◆ Your assignment: Output every line below exactly, please, omitting pictures.

◆ Input data:

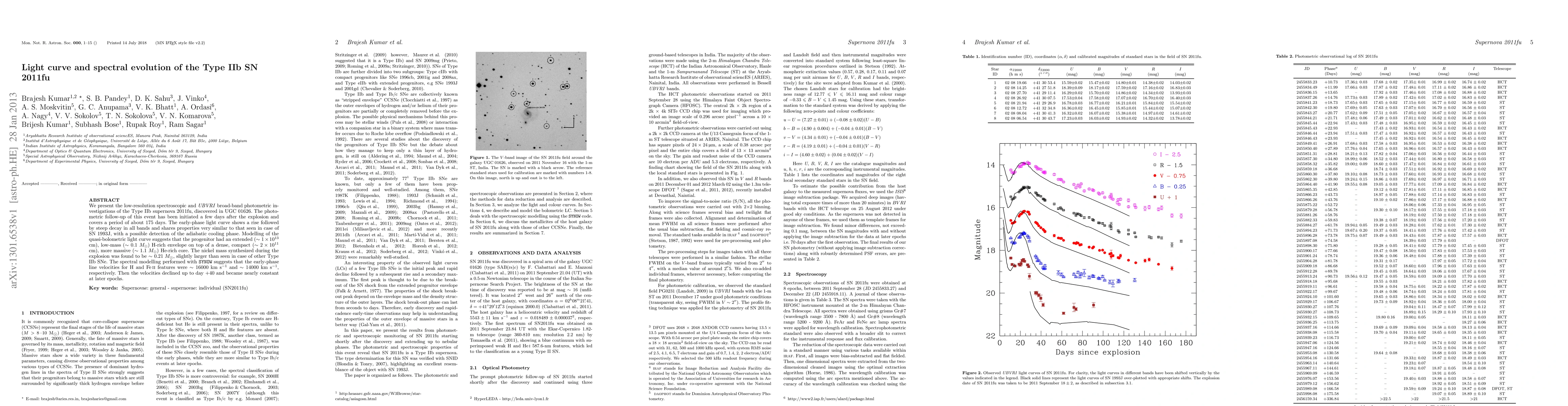 We present the low-resolution spectroscopic and UBVRI broad-band photometric investigations of the Type IIb supernova 2011fu, discovered in UGC 01626. The photometric follow-up of this event has been initiated a few days after the explosion and covers a period of about 175 days. The early-phase light curve shows a rise followed by steep decay in all bands and shares properties very similar to that seen in case of SN 1993J, with a possible detection of the adiabatic cooling phase. Modelling of the quasi-bolometric light curve suggests that the progenitor had an extended ($\sim 1 \times 10^{13}$ cm), low-mass ($\sim 0.1$ $M_\odot$) H-rich envelope on top of a dense, compact ($\sim 2 \times 10^{11}$ cm), more massive ($\sim$ 1.1 $M_\odot$) He-rich core. The nickel mass synthesized during the explosion was found to be $\sim$ 0.21 $M_\odot$, slightly larger than seen in case of other Type IIb SNe. The spectral modelling performed with SYNOW suggests that the early-phase line velocities for H and Fe\,{\sc ii} features were $\sim 16000$ km s$^{-1}$ and $\sim 14000$ km s$^{-1}$, respectively. Then the velocities declined up to day +40 and became nearly constant at later epochs.
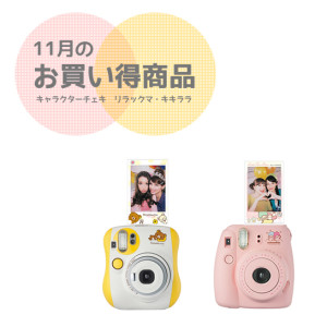 お店のディスプレイもハロウィンからクリスマスに変わってきましたねー。梅田ロフトのロフトマーケットでも、ハロウィンマーケットから、ウォームファッションマーケットに変わり寒い季節が待ち遠しくなっちゃうファッションアイテムが並んでいますよー。 さて、今月のお買い得商品は、キャラクターチェキ「リラックマ」と「キキララ」をご用意しました!チェキ本体をご購入頂くと、もれなくキャラクターチェキフィルムがついてきます! 11月限定ですので、気になっていた方は、ぜひこの機会をご利用ください。
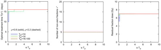 Figure 5 shows the optimal solution for the class as a function of for Gy. For this class, the optimal protocol is completely specified by the triple (or ), number of non-zero fractions at optimum , size of the “residual fraction". In fact, we remind that the optima of this class take the form or , where u depends on and is such that (see Table 8, Table 9 and Table 10) and the residual fraction is the only fraction different from zero and from . We add some comments to Figure 5. First, the optimal treatment time of 16 days is the minimal time allowing to satisfy the early tissue constraint with the equality sign. Second, and perhaps more interesting, for most of the considered parameter values, the plots of Figure 5 give a sharp indication of the optimum scheme of fractionation. Thus, when , our simulation indicates that the optimal solution is substantially insensitive to variations of the tumor parameters (for fixed values of the normal tissue parameters and ), which can be considered a very favorable feature of the problem under study, in view of the high heterogeneity of tumors and of the large uncertainty affecting the estimation of tumor parameters. Clearly, from a modeling point of view, the problem shifts towards that of accurately assessing the healthy tissue constraints and the related bounds on the tolerable radiation damage, as well as the value of .
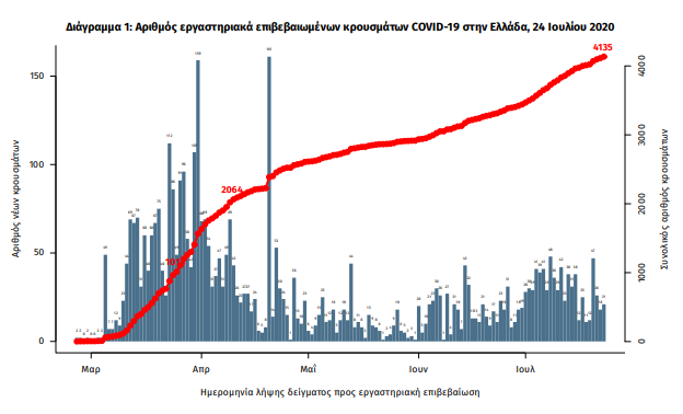 Έτσι, ο συνολικός αριθμός των κρουσμάτων είναι 4.135, εκ των οποίων το 54.6% αφορά άνδρες, ενώ 1.155 (27.9%) θεωρούνται σχετιζόμενα με ταξίδι από το εξωτερικό και 2.086 (50.4%) είναι σχετιζόμενα με ήδη γνωστό κρούσμα.

◆ Exercise solution:
 We present the low-resolution spectroscopic and UBVRI broad-band photometric investigations of the Type IIb supernova 2011fu, discovered in UGC 01626. The photometric follow-up of this event has been initiated a few days after the explosion and covers a period of about 175 days. The early-phase light curve shows a rise followed by steep decay in all bands and shares properties very similar to that seen in case of SN 1993J, with a possible detection of the adiabatic cooling phase. Modelling of the quasi-bolometric light curve suggests that the progenitor had an extended ($\sim 1 \times 10^{13}$ cm), low-mass ($\sim 0.1$ $M_\odot$) H-rich envelope on top of a dense, compact ($\sim 2 \times 10^{11}$ cm), more massive ($\sim$ 1.1 $M_\odot$) He-rich core. The nickel mass synthesized during the explosion was found to be $\sim$ 0.21 $M_\odot$, slightly larger than seen in case of other Type IIb SNe. The spectral modelling performed with SYNOW suggests that the early-phase line velocities for H and Fe\,{\sc ii} features were $\sim 16000$ km s$^{-1}$ and $\sim 14000$ km s$^{-1}$, respectively. Then the velocities declined up to day +40 and became nearly constant at later epochs.
 お店のディスプレイもハロウィンからクリスマスに変わってきましたねー。梅田ロフトのロフトマーケットでも、ハロウィンマーケットから、ウォームファッションマーケットに変わり寒い季節が待ち遠しくなっちゃうファッションアイテムが並んでいますよー。 さて、今月のお買い得商品は、キャラクターチェキ「リラックマ」と「キキララ」をご用意しました!チェキ本体をご購入頂くと、もれなくキャラクターチェキフィルムがついてきます! 11月限定ですので、気になっていた方は、ぜひこの機会をご利用ください。
 Figure 5 shows the optimal solution for the class as a function of for Gy. For this class, the optimal protocol is completely specified by the triple (or ), number of non-zero fractions at optimum , size of the “residual fraction". In fact, we remind that the optima of this class take the form or , where u depends on and is such that (see Table 8, Table 9 and Table 10) and the residual fraction is the only fraction different from zero and from . We add some comments to Figure 5. First, the optimal treatment time of 16 days is the minimal time allowing to satisfy the early tissue constraint with the equality sign. Second, and perhaps more interesting, for most of the considered parameter values, the plots of Figure 5 give a sharp indication of the optimum scheme of fractionation. Thus, when , our simulation indicates that the optimal solution is substantially insensitive to variations of the tumor parameters (for fixed values of the normal tissue parameters and ), which can be considered a very favorable feature of the problem under study, in view of the high heterogeneity of tumors and of the large uncertainty affecting the estimation of tumor parameters. Clearly, from a modeling point of view, the problem shifts towards that of accurately assessing the healthy tissue constraints and the related bounds on the tolerable radiation damage, as well as the value of .
 Έτσι, ο συνολικός αριθμός των κρουσμάτων είναι 4.135, εκ των οποίων το 54.6% αφορά άνδρες, ενώ 1.155 (27.9%) θεωρούνται σχετιζόμενα με ταξίδι από το εξωτερικό και 2.086 (50.4%) είναι σχετιζόμενα με ήδη γνωστό κρούσμα.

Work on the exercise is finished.